Jack stayed very quiet, and linked his arm through mine. I let him. It was a "DataCorps" sweatshirt, hunter green, warm, polyester. He turned to face me, and I watched the minnows of his worries blink out at me from his eyes. Swimming around, in the tank he built.
"My dad? He wasn't a spy. He was a software engineer. I told you that. He was exactly who we thought he was, and we lost him for no reason. I used to think a reason would have made it better. Some kind of myth to keep him around a little longer." I knew Jack was watching me, wondering what had happened, but he didn't ask questions. He knew the questions would present themselves to him when they could -- he was wise, in some ways, for a teenage boy.
When I could breathe slowly again, I said, "Jack."
"Yes."
"What if you really didn't know what happened? And it wasn't some myth you came up with, you really had no idea?"
"That would be a different kind of disappearing," said Jack. "Don't you think? Just different."
I touched the hair elastic on my wrist to keep from disappearing.
"Is your mom home yet?" I asked. "She's probably wondering where we went."
"No," said Jack, "And that's the funny thing. The light's on in her office." He paused, split apart a blade of grass with his fingers. Fingers that built, instead of destroying. "Do you believe in ghosts?"
I closed my eyes, and pretended the cosmic storm was already happening. I imagined every dip and curve in our backstories turning white hot and dissolving, like meteors entering the Earth's atmosphere, until they could never affect us again.
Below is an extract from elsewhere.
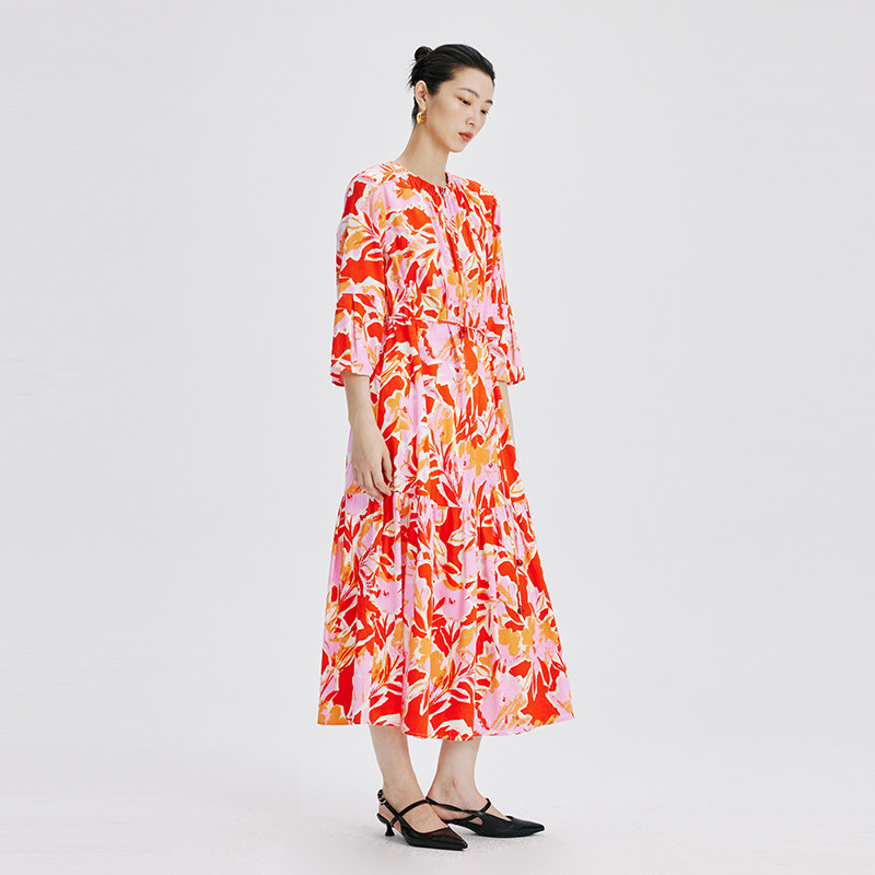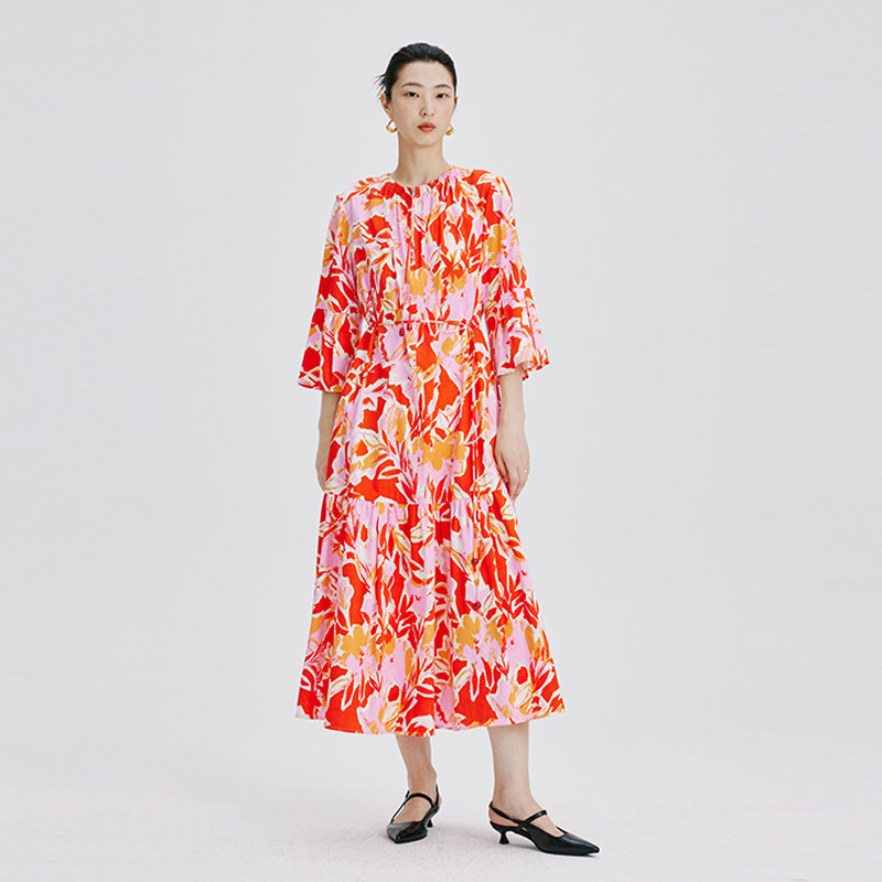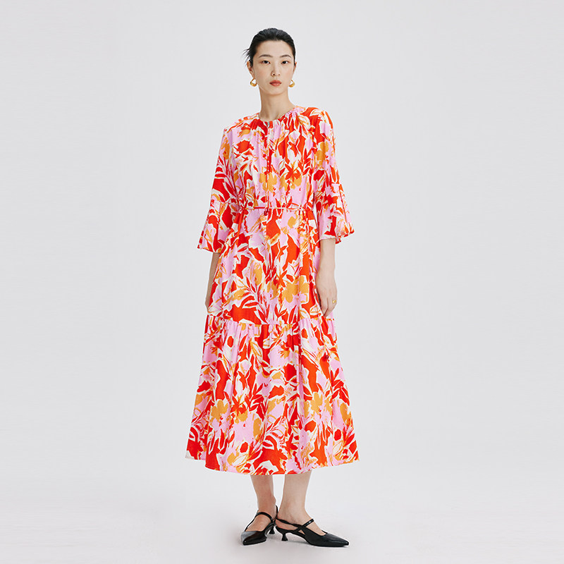 喇叭袖 CHENSHII官方 设计感花色拉链式 新款 连衣裙 2026春季

But I knew that was not how it worked.
"Yes," I said. The moon was tinted lavender by a passing thundercloud, and looked like some bothered God had been rubbing that spot in the sky, over and over, until light shone through. "Sure, I do."
I felt so small, suddenly, sitting outside in the middle of the night. I thought about the improbability of moving through a world like this, where new friends sit together with their mysteries, and where people disappear for unclear reasons, and where there are always hidden guns in the house -- and the sheer strangeness of it all opened up above us with the pause and force of parachutes, as it always does, catching you right before it's too late.